--- What to work on ---
Set down the entries again word for word, without any of the images.

═══ Data supplied

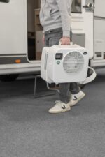 De Eurom AC2401 E is de oplossing voor een koele caravan of camper. Zo kan jij heerlijk slapen op vakantie. Met zijn bescheiden vermogen van 2300 BTU is de split airco geschikt voor de compactere caravans. De ingebouwde timer kan ingesteld worden van 0,5 tot 7,5 uur, en de temperatuur is goed te zien op het display. Dankzij het moderne uiterlijk misstaat de AC2401 E in geen enkele caravan. De AC2401 E heeft een voorgemonteerde afstandhouder en een verbeterde leidingdoorvoeren, waardoor deze split airco voor de caravan of camper makkelijk te installeren is.
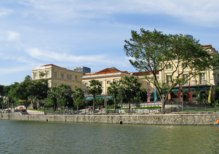 1864年建於皇后坊的亞洲文明博物館 (Asia Civilisations Museum),早期是英國殖民地以及現(xiàn)任政府的辦公大樓,有著濃厚的英式新古典主義風(fēng)格的建筑。進(jìn)入該博物館內(nèi),重點在介紹新加坡歷史源流,當(dāng)游人進(jìn)入展廳,曾是沿著新加坡河岸發(fā)展的新加坡,不斷有中國帆船、印度船、 阿拉伯獨桅帆船、葡萄牙戰(zhàn)艦和武吉士人(Bugis)的縱帆船造訪這個質(zhì)樸的海港,館內(nèi)過往的影像面對窗外運(yùn)河龐大商船吞吐的海港,今非昔比的繁華景象,形成了一個強(qiáng)烈的對比。這就是亞洲文明博物館企圖讓訪客深入了解新加坡的特殊文化。19世紀(jì)英人萊佛士爵士為拓展英國在亞洲的貿(mào)易發(fā)展,奠定了這個小漁港的未來發(fā)展。
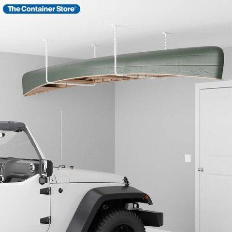 If you find yourself enjoying a river rafting trip or a quiet day on the lake, having a small canoe or paddleboat can come in handy. But what do you do when it comes time to store them? They can take up a ton of space no matter how you cut it and you may want to save that space for other things. But with a few simple rounded brackets, you can create the perfect ceiling mount to keep your canoe or boat stored safely.
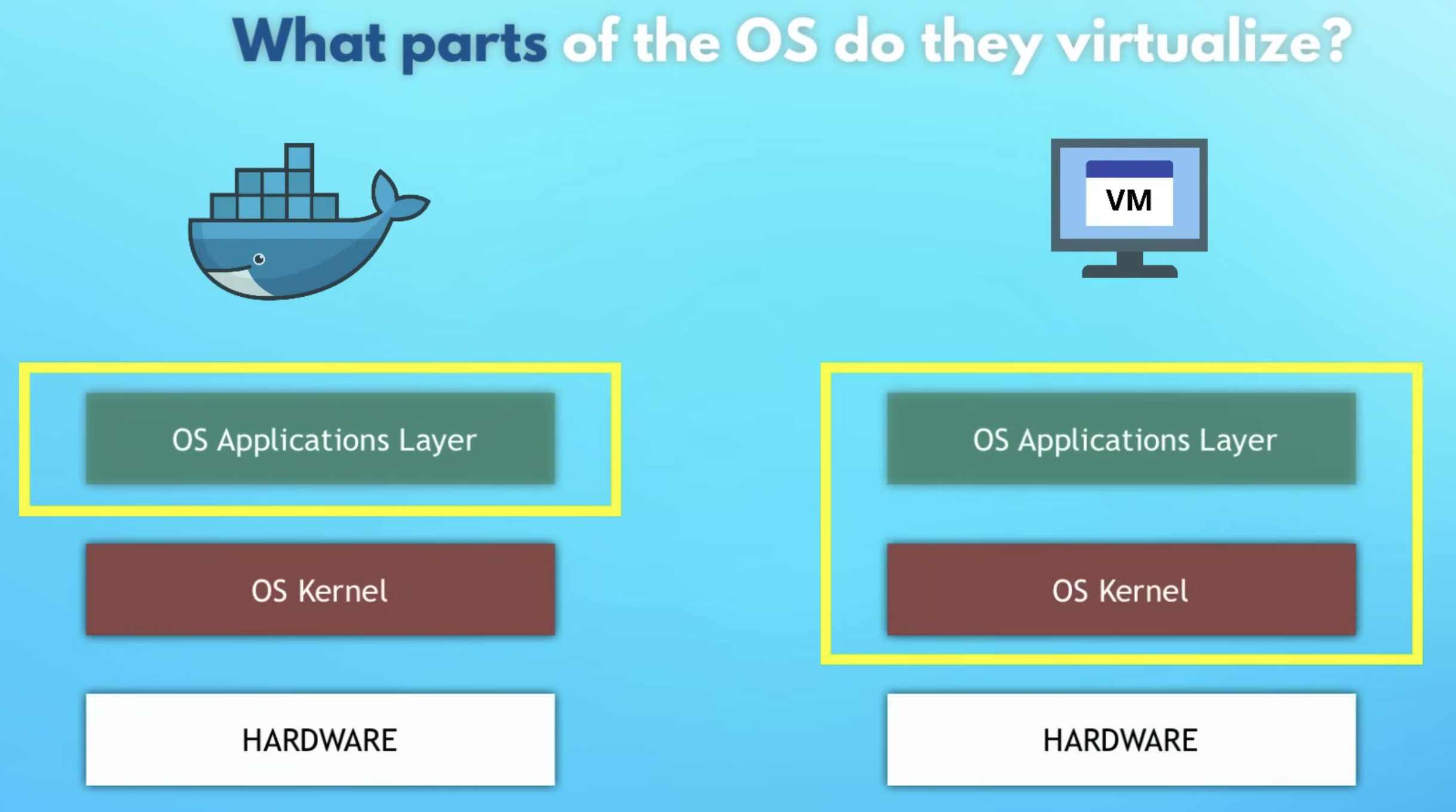 Docker vs VMs differs mainly in what gets virtualized: the whole OS, or just the application user space.
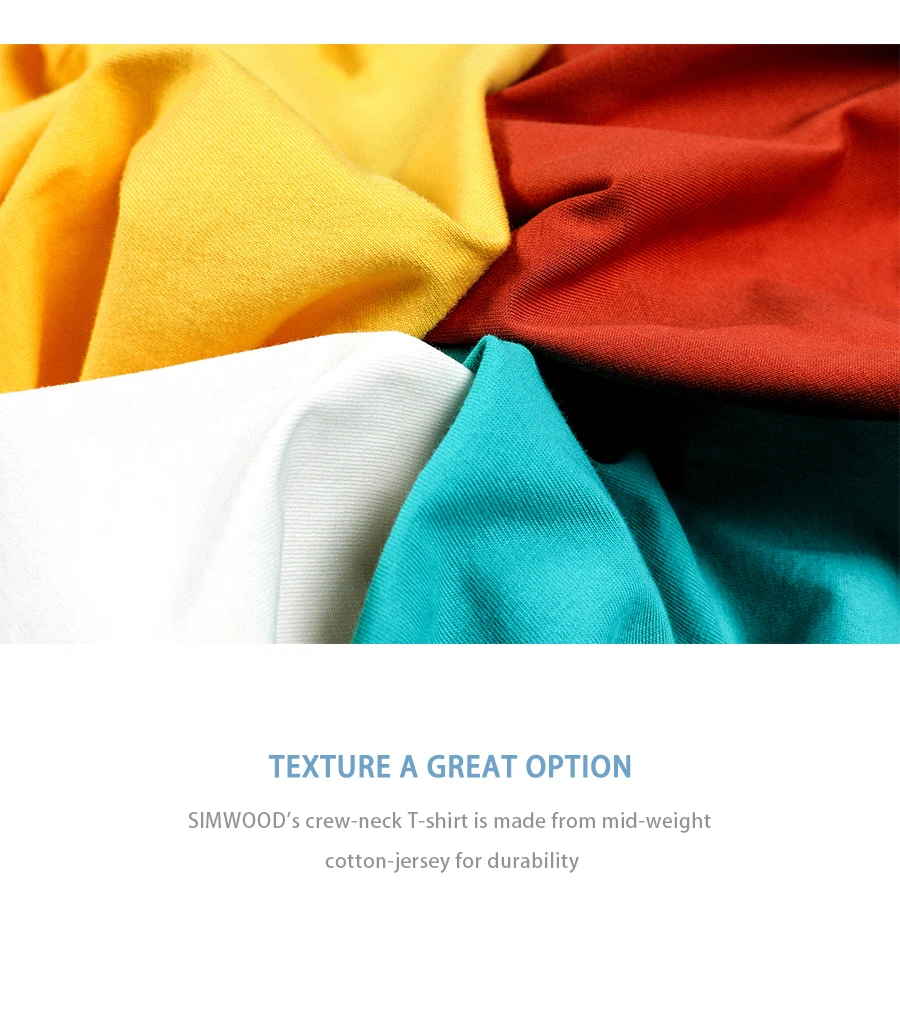 SIMWOOD 2022 летняя новая футболка из 100% хлопка мужская Однотонная футболка с круглым вырезом базовые футболки размера плюс топы с короткими рукавами 190402

══════

--- Your response ---
 De Eurom AC2401 E is de oplossing voor een koele caravan of camper. Zo kan jij heerlijk slapen op vakantie. Met zijn bescheiden vermogen van 2300 BTU is de split airco geschikt voor de compactere caravans. De ingebouwde timer kan ingesteld worden van 0,5 tot 7,5 uur, en de temperatuur is goed te zien op het display. Dankzij het moderne uiterlijk misstaat de AC2401 E in geen enkele caravan. De AC2401 E heeft een voorgemonteerde afstandhouder en een verbeterde leidingdoorvoeren, waardoor deze split airco voor de caravan of camper makkelijk te installeren is.
 1864年建於皇后坊的亞洲文明博物館 (Asia Civilisations Museum),早期是英國殖民地以及現(xiàn)任政府的辦公大樓,有著濃厚的英式新古典主義風(fēng)格的建筑。進(jìn)入該博物館內(nèi),重點在介紹新加坡歷史源流,當(dāng)游人進(jìn)入展廳,曾是沿著新加坡河岸發(fā)展的新加坡,不斷有中國帆船、印度船、 阿拉伯獨桅帆船、葡萄牙戰(zhàn)艦和武吉士人(Bugis)的縱帆船造訪這個質(zhì)樸的海港,館內(nèi)過往的影像面對窗外運(yùn)河龐大商船吞吐的海港,今非昔比的繁華景象,形成了一個強(qiáng)烈的對比。這就是亞洲文明博物館企圖讓訪客深入了解新加坡的特殊文化。19世紀(jì)英人萊佛士爵士為拓展英國在亞洲的貿(mào)易發(fā)展,奠定了這個小漁港的未來發(fā)展。
 If you find yourself enjoying a river rafting trip or a quiet day on the lake, having a small canoe or paddleboat can come in handy. But what do you do when it comes time to store them? They can take up a ton of space no matter how you cut it and you may want to save that space for other things. But with a few simple rounded brackets, you can create the perfect ceiling mount to keep your canoe or boat stored safely.
 Docker vs VMs differs mainly in what gets virtualized: the whole OS, or just the application user space.
 SIMWOOD 2022 летняя новая футболка из 100% хлопка мужская Однотонная футболка с круглым вырезом базовые футболки размера плюс топы с короткими рукавами 190402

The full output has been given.